Saint-Florent-le-Vieil (1)

 On the way back from Nantes to Dieppe we stopped off at Saint-Florent-le-Vieil, one of the key "places of memory" of the War in the Vendée. The little town, to the north of Cholet, occupies a strategic promontory over the Loire at the entry to the Mauges, later the heartland of the Army of Anjou.  It was here that the war is traditionally said to have begun, on 12th March 1793.

 It was only a flying visit - just enough time to take in the atmosphere and see the famous tomb of Bonchamps  sculpted by David d'Angers.  

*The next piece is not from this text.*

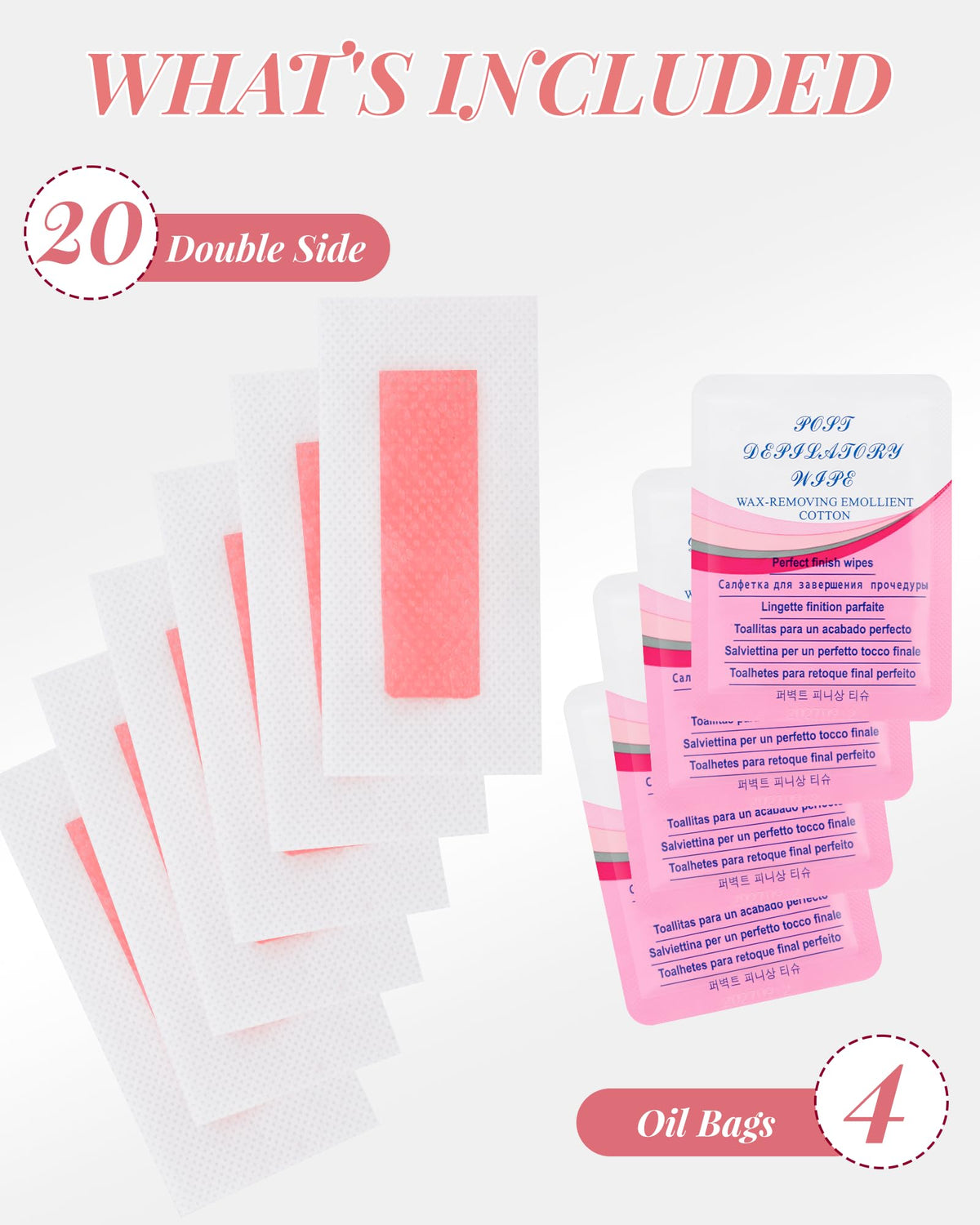 OPOX 40PCS Facial Wax Strips for Hair Removal, Facial Hair Removal for Women, Waxing Kit for Women's Face, Bikini, Chest, Body, Arms, Legs, Back, & Brazilian | 40ct Waxing Strips & 4 calming Oil Wipes

12th March 1793:  The War in the Vendée begins


John Haycraft visited Saint-Florent in 1989 in the company of the local historian and ardent Royalist Dominique Lambert de La Douasnerie: 

When we asked Dominique about the start of the insurrection, he took us to the little town of St-Florent-le-Vieil, which is not far south of Angers.  Approaching it from the north bank of the Loire, we could see the houses jostling up the hill to a picturesque church with a spire.  Most of St Florent was burnt in 1793.  However, it was rebuilt shortly afterwards, and still looks much like old prints, standing beyond the flat islands in the river, on which tall poplars stand, their small leaves rustling in the breeze.

We stopped beyond the suspension bridge on the Place Maubert.  "It was here," said Dominique, dramatically, "that the war started."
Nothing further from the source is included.